Return the listing exactly, please; no pictures.

Exercise data:

....................

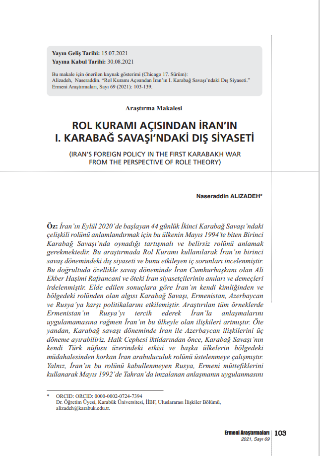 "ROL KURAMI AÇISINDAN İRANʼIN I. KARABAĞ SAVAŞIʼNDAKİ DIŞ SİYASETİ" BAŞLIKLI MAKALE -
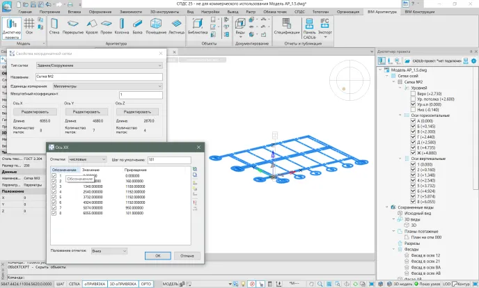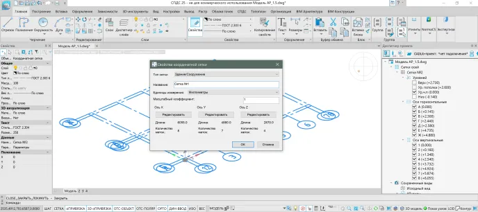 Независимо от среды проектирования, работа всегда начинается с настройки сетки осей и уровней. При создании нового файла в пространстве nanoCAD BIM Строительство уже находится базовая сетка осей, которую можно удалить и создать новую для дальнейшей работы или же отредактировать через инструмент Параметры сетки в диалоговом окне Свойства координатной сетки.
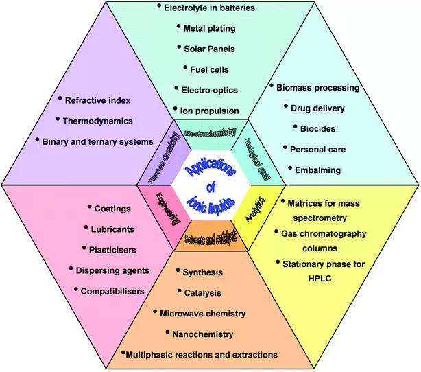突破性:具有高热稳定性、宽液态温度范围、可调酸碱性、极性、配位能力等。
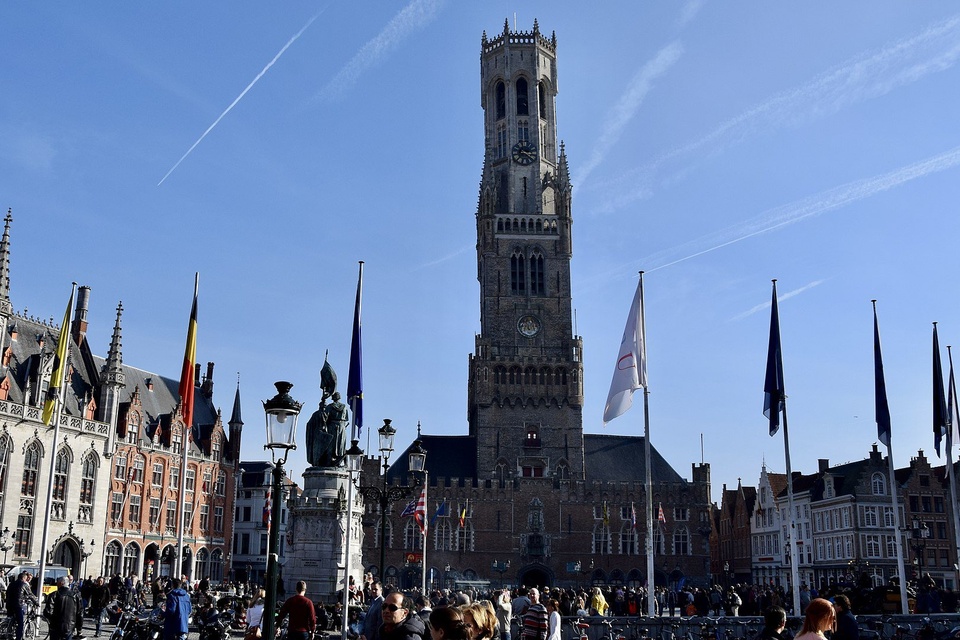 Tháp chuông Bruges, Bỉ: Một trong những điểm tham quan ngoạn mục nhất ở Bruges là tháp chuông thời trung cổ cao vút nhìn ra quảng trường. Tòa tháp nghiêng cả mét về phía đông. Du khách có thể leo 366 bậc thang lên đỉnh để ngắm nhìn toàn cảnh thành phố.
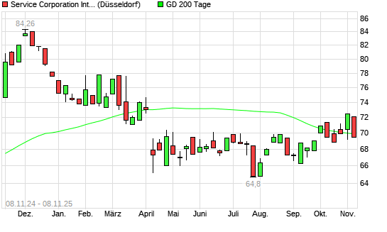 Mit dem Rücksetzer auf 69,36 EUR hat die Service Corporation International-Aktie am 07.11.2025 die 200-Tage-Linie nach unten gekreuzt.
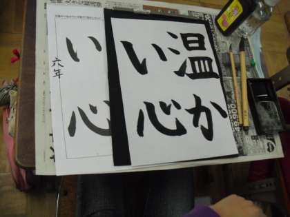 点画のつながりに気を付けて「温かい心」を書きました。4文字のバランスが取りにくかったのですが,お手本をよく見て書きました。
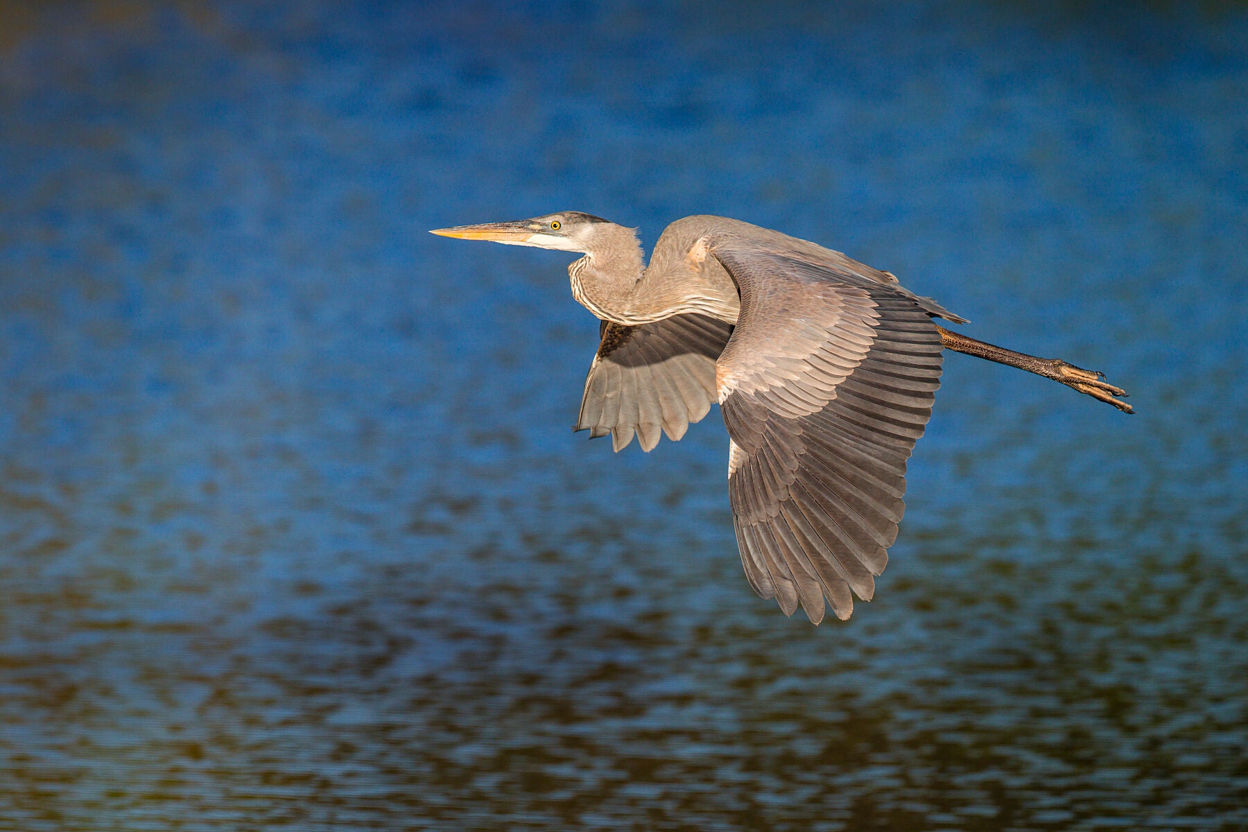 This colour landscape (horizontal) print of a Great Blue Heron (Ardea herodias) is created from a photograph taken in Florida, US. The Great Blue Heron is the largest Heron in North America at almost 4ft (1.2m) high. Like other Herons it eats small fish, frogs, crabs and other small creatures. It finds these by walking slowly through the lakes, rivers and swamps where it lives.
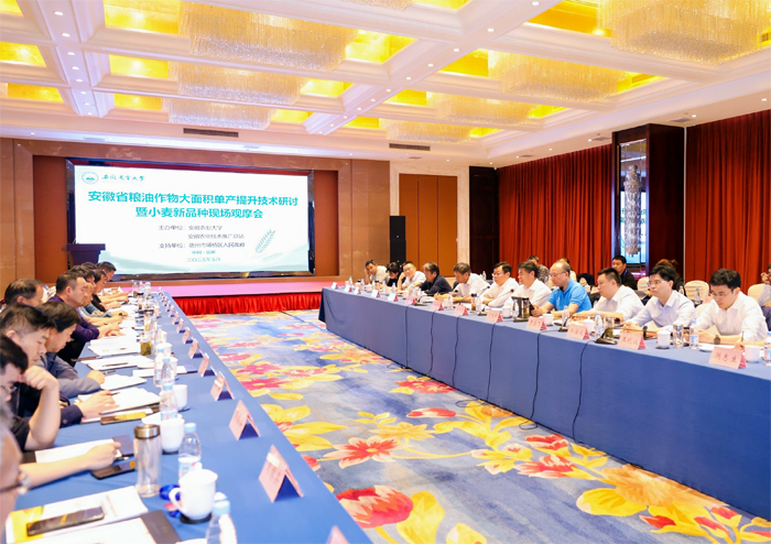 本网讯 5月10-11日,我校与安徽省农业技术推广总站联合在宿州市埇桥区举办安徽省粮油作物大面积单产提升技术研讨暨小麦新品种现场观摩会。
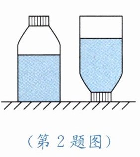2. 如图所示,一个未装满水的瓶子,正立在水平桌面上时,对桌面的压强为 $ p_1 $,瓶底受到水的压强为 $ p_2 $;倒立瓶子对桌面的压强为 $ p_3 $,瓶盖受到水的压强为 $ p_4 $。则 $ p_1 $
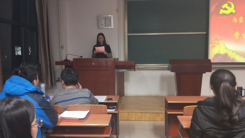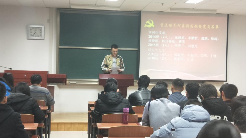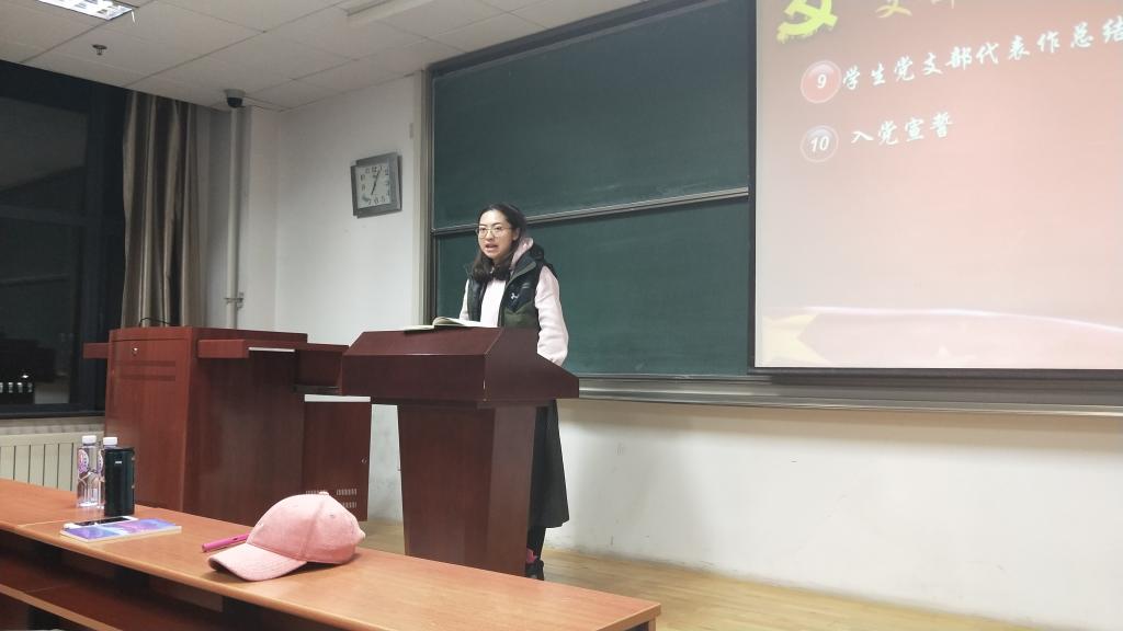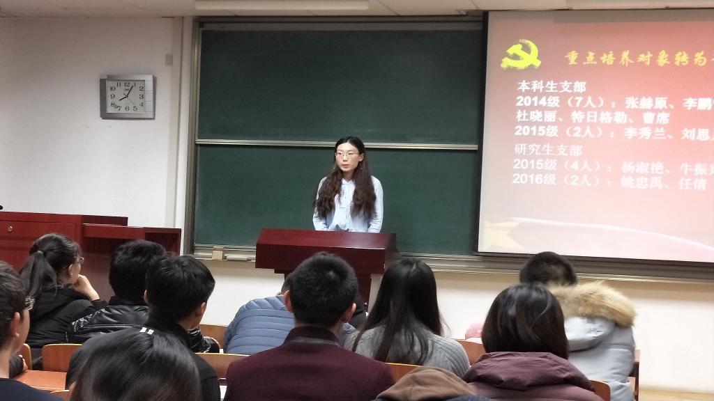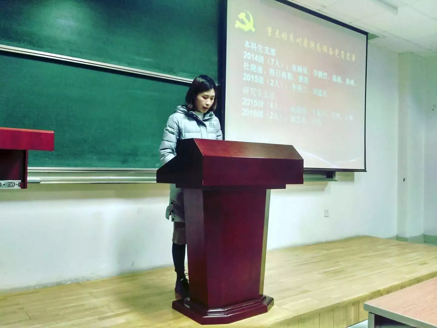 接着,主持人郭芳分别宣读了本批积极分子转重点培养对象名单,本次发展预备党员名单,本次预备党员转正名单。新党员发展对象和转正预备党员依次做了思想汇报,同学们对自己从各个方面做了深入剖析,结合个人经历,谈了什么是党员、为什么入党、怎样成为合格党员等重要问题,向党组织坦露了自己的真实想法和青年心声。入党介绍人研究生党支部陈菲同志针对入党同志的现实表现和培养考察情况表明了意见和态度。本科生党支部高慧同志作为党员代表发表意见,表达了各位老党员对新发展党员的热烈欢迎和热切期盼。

....................

Output of the exercise:
 "ROL KURAMI AÇISINDAN İRANʼIN I. KARABAĞ SAVAŞIʼNDAKİ DIŞ SİYASETİ" BAŞLIKLI MAKALE -
 Независимо от среды проектирования, работа всегда начинается с настройки сетки осей и уровней. При создании нового файла в пространстве nanoCAD BIM Строительство уже находится базовая сетка осей, которую можно удалить и создать новую для дальнейшей работы или же отредактировать через инструмент Параметры сетки в диалоговом окне Свойства координатной сетки.
突破性:具有高热稳定性、宽液态温度范围、可调酸碱性、极性、配位能力等。
 Tháp chuông Bruges, Bỉ: Một trong những điểm tham quan ngoạn mục nhất ở Bruges là tháp chuông thời trung cổ cao vút nhìn ra quảng trường. Tòa tháp nghiêng cả mét về phía đông. Du khách có thể leo 366 bậc thang lên đỉnh để ngắm nhìn toàn cảnh thành phố.
 Mit dem Rücksetzer auf 69,36 EUR hat die Service Corporation International-Aktie am 07.11.2025 die 200-Tage-Linie nach unten gekreuzt.
 点画のつながりに気を付けて「温かい心」を書きました。4文字のバランスが取りにくかったのですが,お手本をよく見て書きました。
 This colour landscape (horizontal) print of a Great Blue Heron (Ardea herodias) is created from a photograph taken in Florida, US. The Great Blue Heron is the largest Heron in North America at almost 4ft (1.2m) high. Like other Herons it eats small fish, frogs, crabs and other small creatures. It finds these by walking slowly through the lakes, rivers and swamps where it lives.
 本网讯 5月10-11日,我校与安徽省农业技术推广总站联合在宿州市埇桥区举办安徽省粮油作物大面积单产提升技术研讨暨小麦新品种现场观摩会。
2. 如图所示,一个未装满水的瓶子,正立在水平桌面上时,对桌面的压强为 $ p_1 $,瓶底受到水的压强为 $ p_2 $;倒立瓶子对桌面的压强为 $ p_3 $,瓶盖受到水的压强为 $ p_4 $。则 $ p_1 $
 接着,主持人郭芳分别宣读了本批积极分子转重点培养对象名单,本次发展预备党员名单,本次预备党员转正名单。新党员发展对象和转正预备党员依次做了思想汇报,同学们对自己从各个方面做了深入剖析,结合个人经历,谈了什么是党员、为什么入党、怎样成为合格党员等重要问题,向党组织坦露了自己的真实想法和青年心声。入党介绍人研究生党支部陈菲同志针对入党同志的现实表现和培养考察情况表明了意见和态度。本科生党支部高慧同志作为党员代表发表意见,表达了各位老党员对新发展党员的热烈欢迎和热切期盼。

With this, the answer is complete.